- [Available data]:
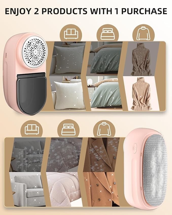 ?2 IN 1 FABRIC SHAVER? Wireless Lint Shaver and Lint Brush 2 in 1, enjoy two products for one price. The upgrade motor with the back lint brush effectively cleans pet hair, lint, and dirt from winter coat, scarf, gloves, plush toys, car cushion, sofa, leggings, bedding, curtains and linens, and other clothing or fabrics that need lint removal.
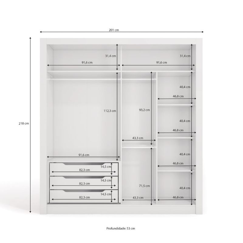 O Guarda Roupa da Kappesberg, além de sua elegância e qualidade, é versátil, ele leva modernidade ao seu quarto.Conta com 2 portas de correr, 3 cabideiros, 3 gavetas com corrediça telescópicas e 6 nichos. Tudo isso para deixar seu ambiente ainda melhor.
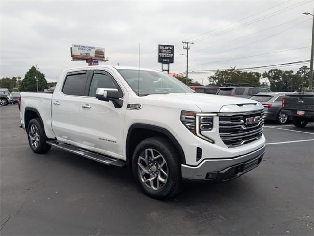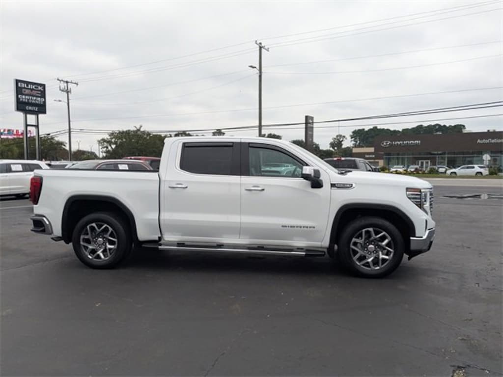 Clean CARFAX. CARFAX One-Owner. Summit White 2022 GMC Sierra 1500 SLT RWD 10-Speed Automatic EcoTec3 5.3L V8 APPLE CAR PLAY, ANDROID AUTO, USB PORTS, BLUETOOTH, 10-Speed Automatic, Jet Black Leather, 120-Volt Instrument Panel Power Outlet, 170 Amp Alternator, 2 Charge/Data USB Ports, 2 Type-C Charge-Only Rear USB Ports, 20 Polished Aluminum Wheels, 6-Speaker Audio System Feature, Auto-Locking Rear Differential, Auxiliary External Transmission Oil Cooler, Chrome Header & Chrome Grille Insert Bars, Chrome Wheel To Wheel Assist Steps, Color-Keyed Carpeting Floor Covering, Compass, Deep-Tinted Glass, Electric Rear-Window Defogger, Electrical Steering Column Lock, Floor-Mounted Center Console, Front Bucket Seats, Front Frame-Mounted Black Recovery Hooks, Front Rainsensing Wipers, GMC Connected Access Capable, HD Rear Vision Camera, Heated Steering Wheel, High Capacity Suspension Package, Hitch Guidance w/Hitch View, In-Vehicle Trailering App, Integrated Trailer Brake Controller, Keyless Open & Start, LED Cargo Area Lighting, Manual Tilt-Wheel & Telescoping Steering Column, Navigation System, OnStar & GMC Connected Services Capable, Perimeter Lighting, Power Door Locks, Power Front Passenger Windows w/Express Up/Down, Power Front Windows w/Driver Express Up/Down, Power Rake & Telescoping Steering Column, Power Rear Windows w/Express Down, Preferred Equipment Group 4SA, Premium Bose 7-Speaker Sound System, ProGrade Trailering System, Push Button Start, Rear Wheelhouse Liners, Remote Vehicle Starter System, SiriusXM w/360L, SLT Convenience Package, SLT Premium Package, Standard Suspension Package, Steering Wheel Audio Controls, Theft Deterrent System (Unauthorized Entry), Trailering Package, Ventilated Driver & Front Passenger Seats, Wi-Fi Hotspot Capable, Wireless Charging, Wireless Phone Projection.SHOP WITH CONFIDENCE This vehicle is covered by the Assurant Vehicle Care 12 month or 12,000 Mile Powertrain Limited Warranty. Every vehicle passes a comprehensive inspection performed by Certified Technicians. Coverage includes Powertrain, Rental Reimbursement, Nationwide Protection, 24/7 Roadside Assistance (Towing Service, Flat Tire Assistance, Battery Service, Lock-out Assistance, Fuel/Fluid Delivery), Emergency Travel Expense Reimbursement and Tire Hazard Protection. Please ask your client representative for details. Odometer is 24491 miles below market average!
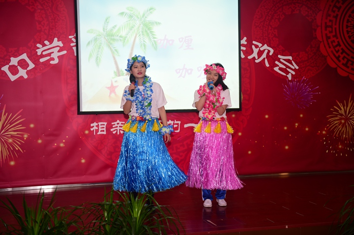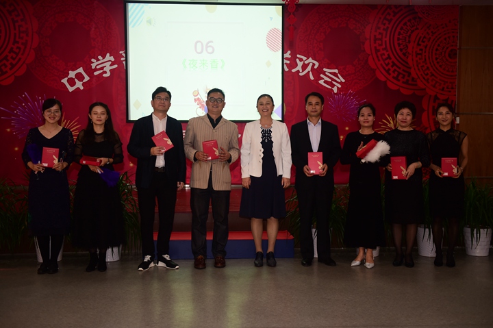 本次晚会不仅有语言类节目,还有歌曲类和舞蹈类节目。李珍和朱荣秀老师带来歌曲《咖喱欢乐中国年》,大家提前感受到假期的欢愉。唐尧老师带来独唱《贝加尔湖畔》,大家在美妙的歌声中体验到静谧清澈的世界。2020的本命年教职工的表演节目也别出心裁,“鼠鼠们”带来《夜来香》的演唱和舞蹈,音乐悠长、舞姿曼妙,尽显实验人的风采。表演结束后,龙校为“鼠鼠们”颁发“大红包”以表示祝福。
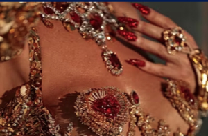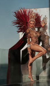 La creazione, una fusione unica tra costume di samba e alta moda internazionale, comprende un reggiseno decorato con cristalli e microperline ricamate a mano, motivi floreali intrecciati e dettagli di grande impatto visivo. Questa scelta stilistica ha trasformato il tradizionale costume da regina di batteria in un vero e proprio pezzo di alta gioielleria indossabile, celebrando al contempo la cultura festiva brasiliana e l’estetica del lusso globale.
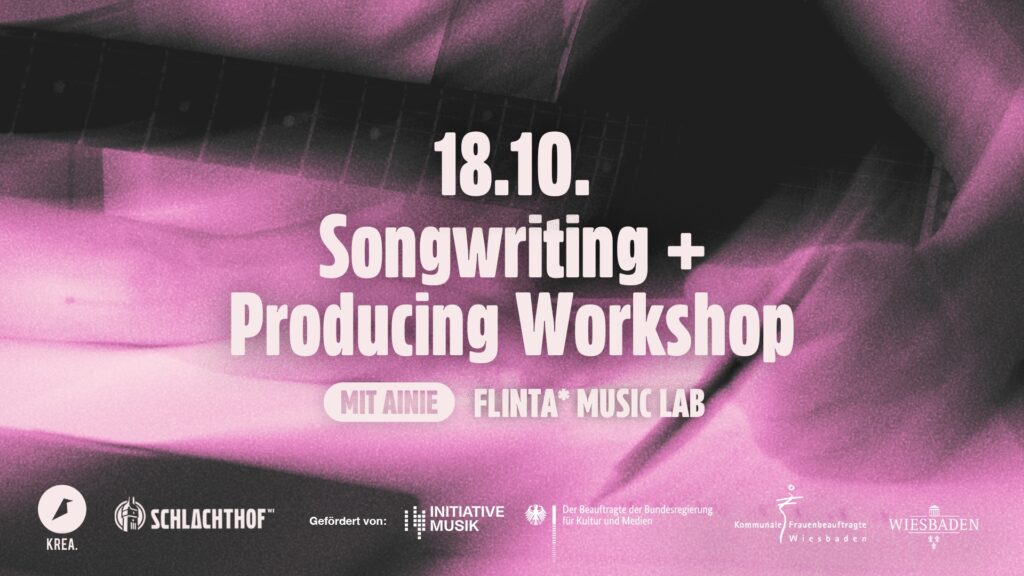 Die Workshopreihe FLINTA MUSIC LAB* richtet sich ausschließlich an FLINTA*-Personen. FLINTA* steht für Frauen, Lesben, inter, nicht-binäre, trans und agender Personen. Die Angebote dienen dem Empowerment und der gezielten Förderung von Menschen, die von patriarchalen Strukturen benachteiligt sind.Mit der Buchung eines Tickets bestätigen die Teilnehmenden verbindlich, dass sie der Zielgruppe FLINTA* zugehörig sind und diese Teilnahmebedingung zur Kenntnis genommen haben. Diese Bestätigung ist Voraussetzung für die Teilnahme. Solltet ihr doch nicht teilnehmen können, bitten wir um Info, sodass andere Interessentinnen nachrücken können. Kontakt: info@schlachthof-wiesbaden.de
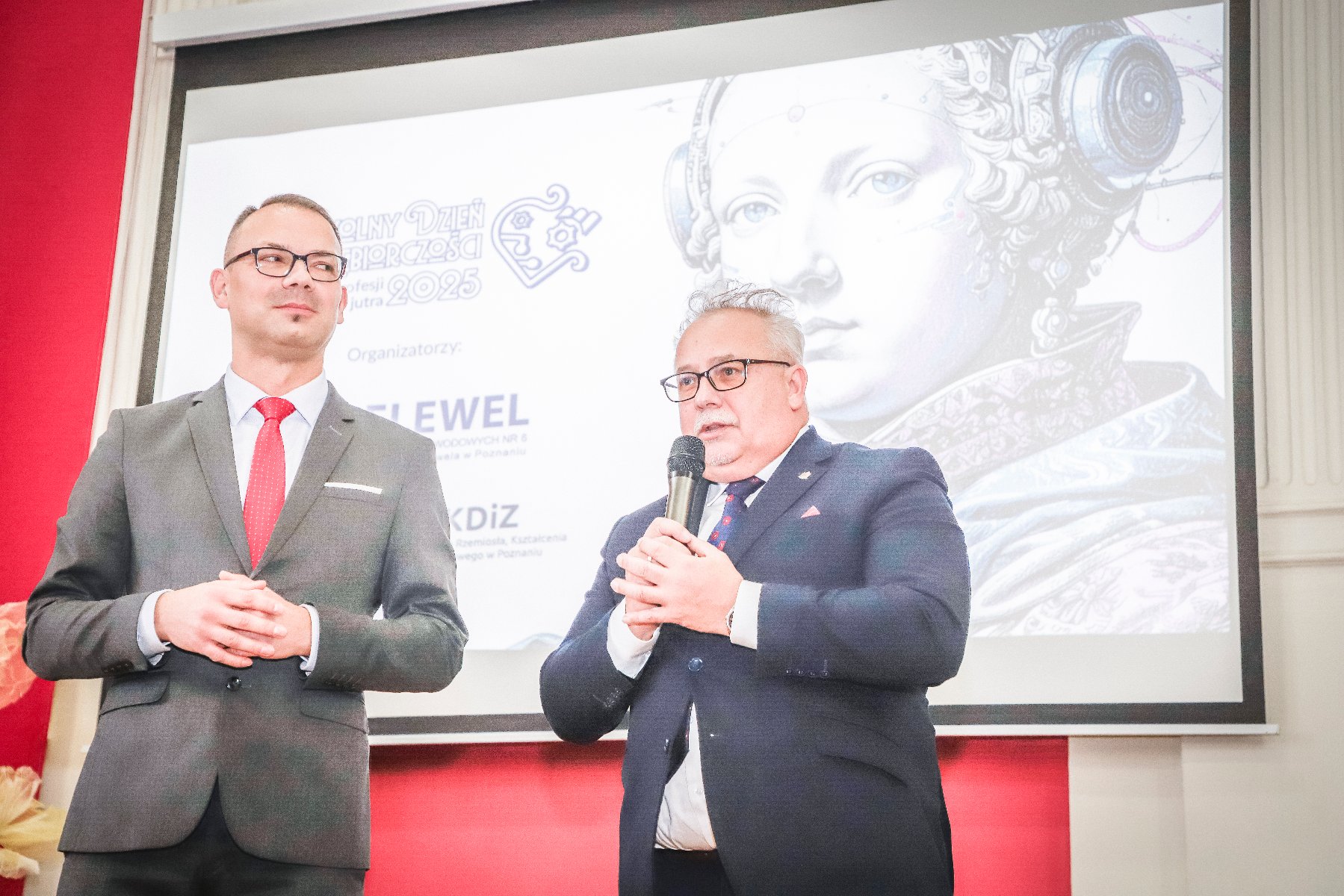Wydarzenie zaszczycili znakomici goście: Pani Dorota Kinal, Dyrektor Departamentu Edukacji i Nauki UMW, Pani Izabela Liebert-Jędroszkowiak, Wicekurator Oświaty, Pan Marek Meller, wizytator Kuratorium Oświaty, Pan Wiesław Banaś i Pani Katarzyna Plucińska, Zastępcy Dyrektora Wydziału Oświaty UMP, Pani Eliza Malarecka, kierownik Oddziału Projektów Edukacyjnych i Relacji Zewnętrznych, oraz Pani Paulina Taterka, inspektor Wydziału Oświaty. Obecni byli także partnerzy branżowi szkoły, m.in. przedstawiciele Wojewódzkiego Urzędu Pracy, Policji, PSP, Centrum Doradztwa Zawodowego dla Młodzieży oraz WSCKZiU nr 1 w Poznaniu, a także pracownicy naukowi współpracujących uczelni.

- [Goal of the exercise]: Each of the records above needs to be transcribed exactly, apart from its pictures.

- [Solution for this exercise]:
 ?2 IN 1 FABRIC SHAVER? Wireless Lint Shaver and Lint Brush 2 in 1, enjoy two products for one price. The upgrade motor with the back lint brush effectively cleans pet hair, lint, and dirt from winter coat, scarf, gloves, plush toys, car cushion, sofa, leggings, bedding, curtains and linens, and other clothing or fabrics that need lint removal.
 O Guarda Roupa da Kappesberg, além de sua elegância e qualidade, é versátil, ele leva modernidade ao seu quarto.Conta com 2 portas de correr, 3 cabideiros, 3 gavetas com corrediça telescópicas e 6 nichos. Tudo isso para deixar seu ambiente ainda melhor.
 Clean CARFAX. CARFAX One-Owner. Summit White 2022 GMC Sierra 1500 SLT RWD 10-Speed Automatic EcoTec3 5.3L V8 APPLE CAR PLAY, ANDROID AUTO, USB PORTS, BLUETOOTH, 10-Speed Automatic, Jet Black Leather, 120-Volt Instrument Panel Power Outlet, 170 Amp Alternator, 2 Charge/Data USB Ports, 2 Type-C Charge-Only Rear USB Ports, 20 Polished Aluminum Wheels, 6-Speaker Audio System Feature, Auto-Locking Rear Differential, Auxiliary External Transmission Oil Cooler, Chrome Header & Chrome Grille Insert Bars, Chrome Wheel To Wheel Assist Steps, Color-Keyed Carpeting Floor Covering, Compass, Deep-Tinted Glass, Electric Rear-Window Defogger, Electrical Steering Column Lock, Floor-Mounted Center Console, Front Bucket Seats, Front Frame-Mounted Black Recovery Hooks, Front Rainsensing Wipers, GMC Connected Access Capable, HD Rear Vision Camera, Heated Steering Wheel, High Capacity Suspension Package, Hitch Guidance w/Hitch View, In-Vehicle Trailering App, Integrated Trailer Brake Controller, Keyless Open & Start, LED Cargo Area Lighting, Manual Tilt-Wheel & Telescoping Steering Column, Navigation System, OnStar & GMC Connected Services Capable, Perimeter Lighting, Power Door Locks, Power Front Passenger Windows w/Express Up/Down, Power Front Windows w/Driver Express Up/Down, Power Rake & Telescoping Steering Column, Power Rear Windows w/Express Down, Preferred Equipment Group 4SA, Premium Bose 7-Speaker Sound System, ProGrade Trailering System, Push Button Start, Rear Wheelhouse Liners, Remote Vehicle Starter System, SiriusXM w/360L, SLT Convenience Package, SLT Premium Package, Standard Suspension Package, Steering Wheel Audio Controls, Theft Deterrent System (Unauthorized Entry), Trailering Package, Ventilated Driver & Front Passenger Seats, Wi-Fi Hotspot Capable, Wireless Charging, Wireless Phone Projection.SHOP WITH CONFIDENCE This vehicle is covered by the Assurant Vehicle Care 12 month or 12,000 Mile Powertrain Limited Warranty. Every vehicle passes a comprehensive inspection performed by Certified Technicians. Coverage includes Powertrain, Rental Reimbursement, Nationwide Protection, 24/7 Roadside Assistance (Towing Service, Flat Tire Assistance, Battery Service, Lock-out Assistance, Fuel/Fluid Delivery), Emergency Travel Expense Reimbursement and Tire Hazard Protection. Please ask your client representative for details. Odometer is 24491 miles below market average!
 本次晚会不仅有语言类节目,还有歌曲类和舞蹈类节目。李珍和朱荣秀老师带来歌曲《咖喱欢乐中国年》,大家提前感受到假期的欢愉。唐尧老师带来独唱《贝加尔湖畔》,大家在美妙的歌声中体验到静谧清澈的世界。2020的本命年教职工的表演节目也别出心裁,“鼠鼠们”带来《夜来香》的演唱和舞蹈,音乐悠长、舞姿曼妙,尽显实验人的风采。表演结束后,龙校为“鼠鼠们”颁发“大红包”以表示祝福。
 La creazione, una fusione unica tra costume di samba e alta moda internazionale, comprende un reggiseno decorato con cristalli e microperline ricamate a mano, motivi floreali intrecciati e dettagli di grande impatto visivo. Questa scelta stilistica ha trasformato il tradizionale costume da regina di batteria in un vero e proprio pezzo di alta gioielleria indossabile, celebrando al contempo la cultura festiva brasiliana e l’estetica del lusso globale.
 Die Workshopreihe FLINTA MUSIC LAB* richtet sich ausschließlich an FLINTA*-Personen. FLINTA* steht für Frauen, Lesben, inter, nicht-binäre, trans und agender Personen. Die Angebote dienen dem Empowerment und der gezielten Förderung von Menschen, die von patriarchalen Strukturen benachteiligt sind.Mit der Buchung eines Tickets bestätigen die Teilnehmenden verbindlich, dass sie der Zielgruppe FLINTA* zugehörig sind und diese Teilnahmebedingung zur Kenntnis genommen haben. Diese Bestätigung ist Voraussetzung für die Teilnahme. Solltet ihr doch nicht teilnehmen können, bitten wir um Info, sodass andere Interessentinnen nachrücken können. Kontakt: info@schlachthof-wiesbaden.de
Wydarzenie zaszczycili znakomici goście: Pani Dorota Kinal, Dyrektor Departamentu Edukacji i Nauki UMW, Pani Izabela Liebert-Jędroszkowiak, Wicekurator Oświaty, Pan Marek Meller, wizytator Kuratorium Oświaty, Pan Wiesław Banaś i Pani Katarzyna Plucińska, Zastępcy Dyrektora Wydziału Oświaty UMP, Pani Eliza Malarecka, kierownik Oddziału Projektów Edukacyjnych i Relacji Zewnętrznych, oraz Pani Paulina Taterka, inspektor Wydziału Oświaty. Obecni byli także partnerzy branżowi szkoły, m.in. przedstawiciele Wojewódzkiego Urzędu Pracy, Policji, PSP, Centrum Doradztwa Zawodowego dla Młodzieży oraz WSCKZiU nr 1 w Poznaniu, a także pracownicy naukowi współpracujących uczelni.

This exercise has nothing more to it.